◆ Data to examine:
○ ○ ○ ○ ○ ○ ○
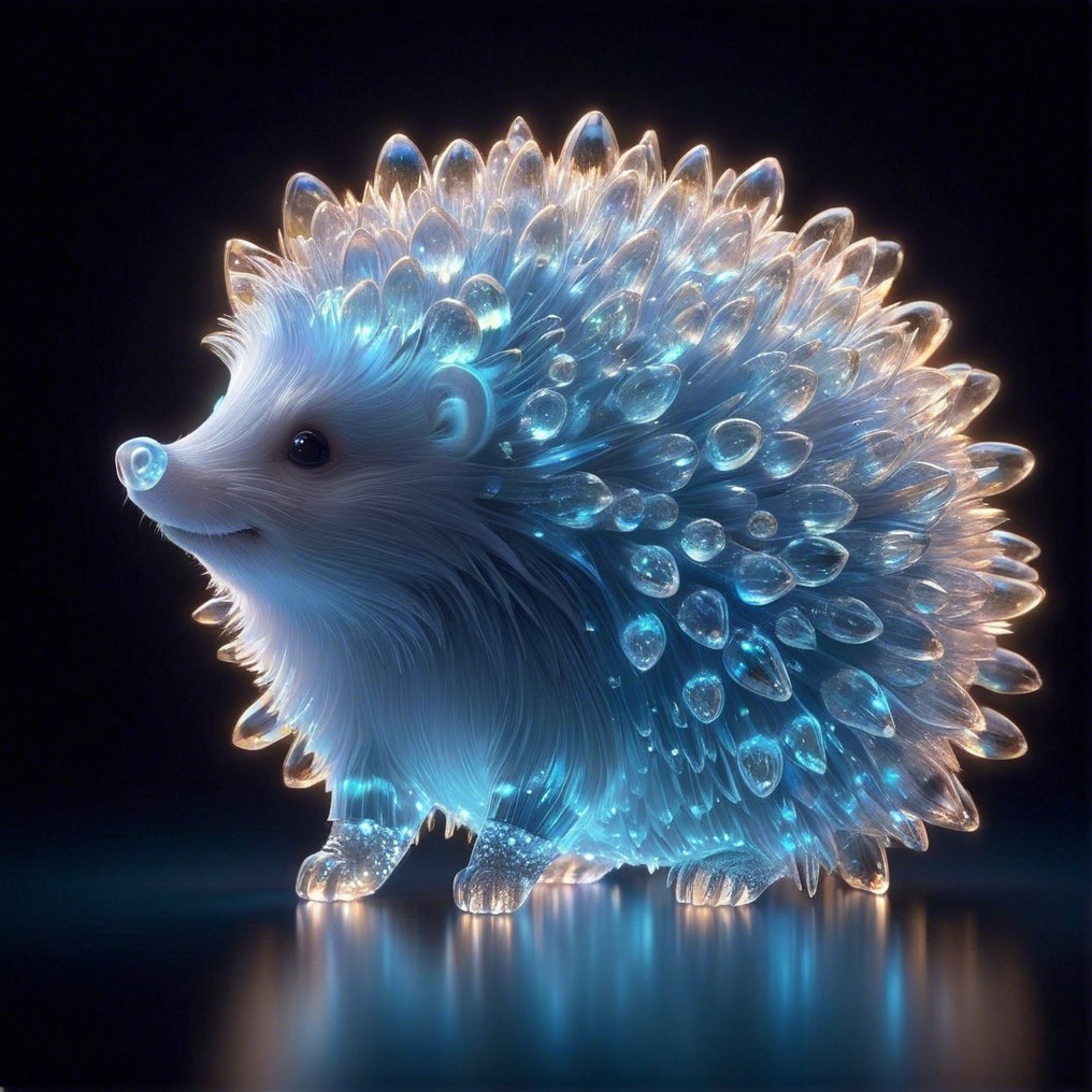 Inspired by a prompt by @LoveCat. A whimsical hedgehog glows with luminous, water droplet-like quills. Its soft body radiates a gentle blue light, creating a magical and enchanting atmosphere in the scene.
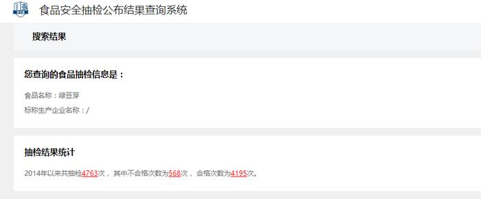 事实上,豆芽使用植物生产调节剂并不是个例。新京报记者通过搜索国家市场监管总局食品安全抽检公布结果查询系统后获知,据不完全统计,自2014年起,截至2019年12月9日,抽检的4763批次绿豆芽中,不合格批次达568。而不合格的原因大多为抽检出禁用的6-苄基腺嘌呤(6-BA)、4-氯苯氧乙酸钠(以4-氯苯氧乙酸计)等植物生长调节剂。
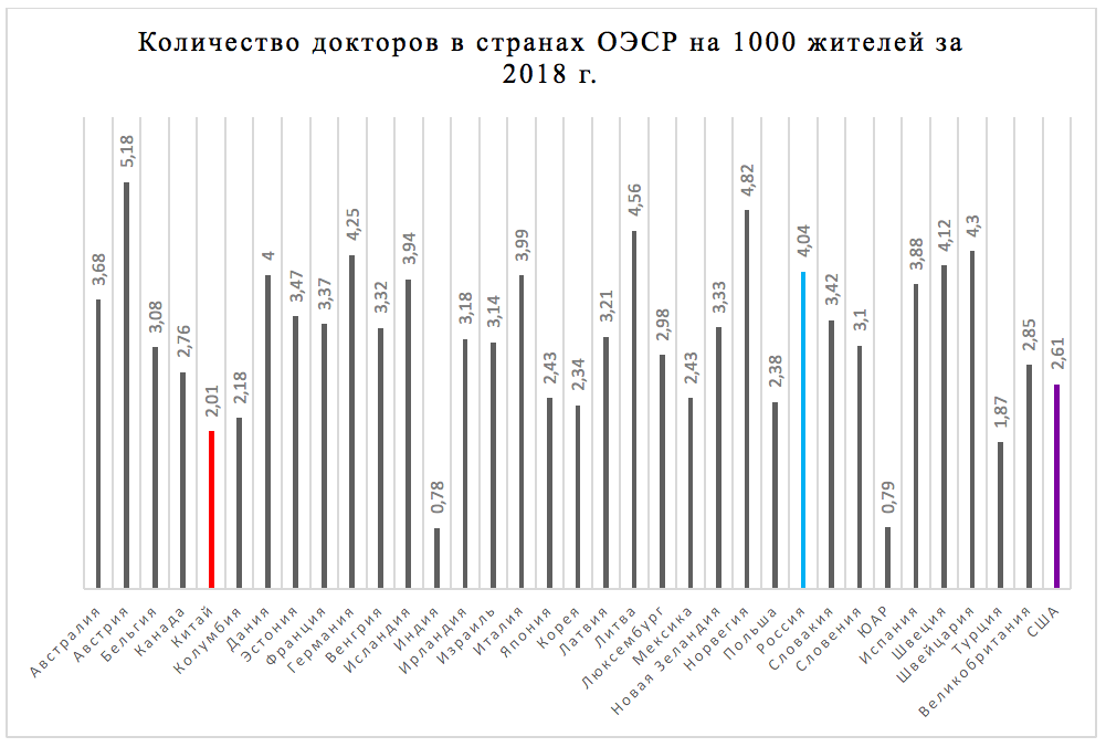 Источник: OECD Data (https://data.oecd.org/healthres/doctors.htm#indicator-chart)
○ ○ ○ ○ ○ ○ ○
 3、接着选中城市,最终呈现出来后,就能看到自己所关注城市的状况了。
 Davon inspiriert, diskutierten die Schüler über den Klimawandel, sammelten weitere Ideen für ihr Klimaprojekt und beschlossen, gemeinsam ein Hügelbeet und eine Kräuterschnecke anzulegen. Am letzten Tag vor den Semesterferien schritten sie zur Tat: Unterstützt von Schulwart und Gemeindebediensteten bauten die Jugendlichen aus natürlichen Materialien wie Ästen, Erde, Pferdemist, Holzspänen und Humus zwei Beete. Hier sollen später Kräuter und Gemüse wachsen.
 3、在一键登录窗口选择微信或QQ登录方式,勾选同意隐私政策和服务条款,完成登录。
○ ○ ○ ○ ○ ○ ○
◆ Exercise goal: When you reach the line with "Inspired by a" in the records above, start writing out each line exactly, and stop after the line with "Источник: OECD Data". Pictures stay out.

◆ Response to this exercise:
 Inspired by a prompt by @LoveCat. A whimsical hedgehog glows with luminous, water droplet-like quills. Its soft body radiates a gentle blue light, creating a magical and enchanting atmosphere in the scene.
 事实上,豆芽使用植物生产调节剂并不是个例。新京报记者通过搜索国家市场监管总局食品安全抽检公布结果查询系统后获知,据不完全统计,自2014年起,截至2019年12月9日,抽检的4763批次绿豆芽中,不合格批次达568。而不合格的原因大多为抽检出禁用的6-苄基腺嘌呤(6-BA)、4-氯苯氧乙酸钠(以4-氯苯氧乙酸计)等植物生长调节剂。
 Источник: OECD Data (https://data.oecd.org/healthres/doctors.htm#indicator-chart)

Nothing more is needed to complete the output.